Big Data Domain Flashcards
I: ANALYTICS
Improved Service Level Performance
Better Order Fulfillment
Improved Supplier Management
Maximize Customer Value
Driving Down Costs
Improved Advertising
Better Product Management
I: DATA WAREHOUSE
is a system that aggregates data from different sources into a single, central, consistent data store to support data analysis, data mining, artificial intelligence (AI), and machine learning.
I: DATE LAKE
Data Lake is the place where you dump all forms of data generated in various parts of your business
- Structured data feeds
- Chat logs
- Emails
- Images (of invoices, receipts, checks etc.)
- Videos.
I: DATA POOL
Data Pool is a centralized repository of data where trading partners (e.g., retailers, distributors or suppliers) can obtain, maintain and exchange information about products in a standard format. Suppliers can, for instance, upload data to a data pool that cooperating retailers can then receive through their data pool.
I: BIG DATA
Big Data is often used in enterprise settings to describe large amounts of data. It does not refer to a specific amount of data, but rather describes a dataset that cannot be stored or processed using traditional database software.
I: BIG DATA LIFE CYCLE
Stated simply, there are three primary stages of the Big Data Life Cycle, along with an overarching glue (data governance) that helps to manage these:
Data Acquisition
Data Awareness
Data Analytics
Data Governance
I: HADOOP
Apache Hadoop is an open-source framework that is used to efficiently store and process large datasets ranging in size from gigabytes to petabytes of data. Instead of using one large computer to store and process the data, Hadoop allows clustering multiple computers to analyze massive datasets in parallel more quickly.
I: MAPREDUCE
Map Reduce is a software framework and programming model used for processing huge amounts of data. MapReduce program work in two phases, namely, Map and Reduce.

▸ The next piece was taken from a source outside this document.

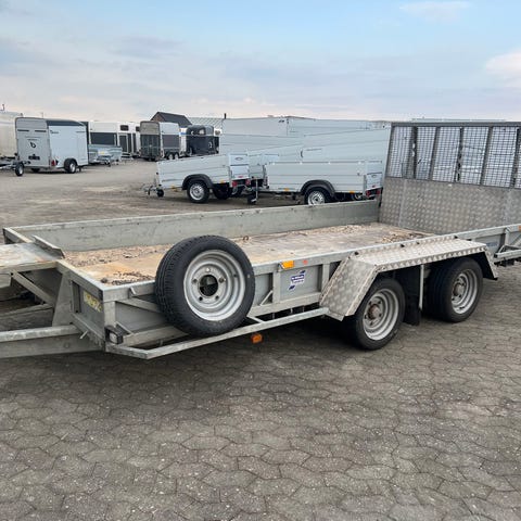 Brugt maskintrailer fra Ifor Williams med høj bagrampe og støtteben.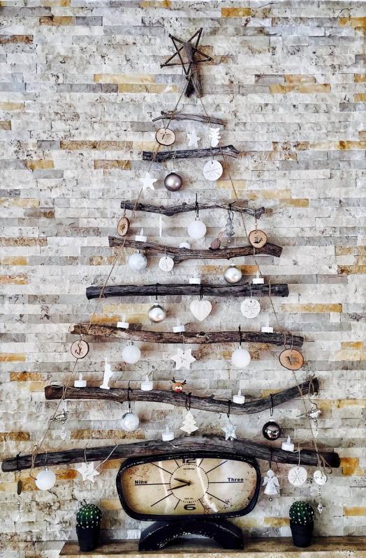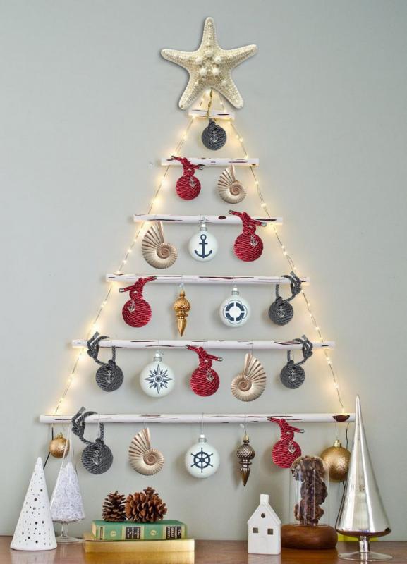 . Вариант елочки с ветками деревьев (фото 6) подойдет для интерьера гостиной и обязательно понравится взрослым и детям. Можно для новогодней елочки использовать ракушки, камушки, засушенные морские звезды. Многие люди, которые отдыхают на море, привозят их с собой на память (фото 7).

Map – tasks deal with splitting and mapping of data while
Reduce – tasks shuffle and reduce the data.
I: Apache Spark
Spark is an open source framework focused on interactive query, machine learning, and real-time workloads. It does not have its own storage system, but runs analytics on other storage systems like HDFS, or other popular stores like Amazon Redshift, Amazon S3, Couchbase, Cassandra, and others.
I: ETL
ETL is short for extract, transform, load, three database functions that are combined into one tool to pull data out of one database and place it into another database.
- Data migration
- Data merge
- Data warehousing
I: DATA SYNCHRONIZATION ISSUES
Data synchronization has become an important part of organizations’ information systems. However, the complexity of the process is very often underestimated, while it may be quite risky due to the factors among which are:
Different data formats due to variety of applications, tools, and databases an organization may use.
The quality of data synchronized. There is a risk to distribute inconsistent or out-of-date data enterprise-wide, which may result in additional (and quite palpable) data cleansing expenses.
Not to forget constant maintenance, meaning that as soon as new data enters an application, the next step is to synchronize it between the other organizations’ applications and systems.
I: HDFS
A distributed file system that runs on standard or low-end hardware. HDFS provides better data throughput than traditional file systems, in addition to high fault tolerance and native support of large datasets.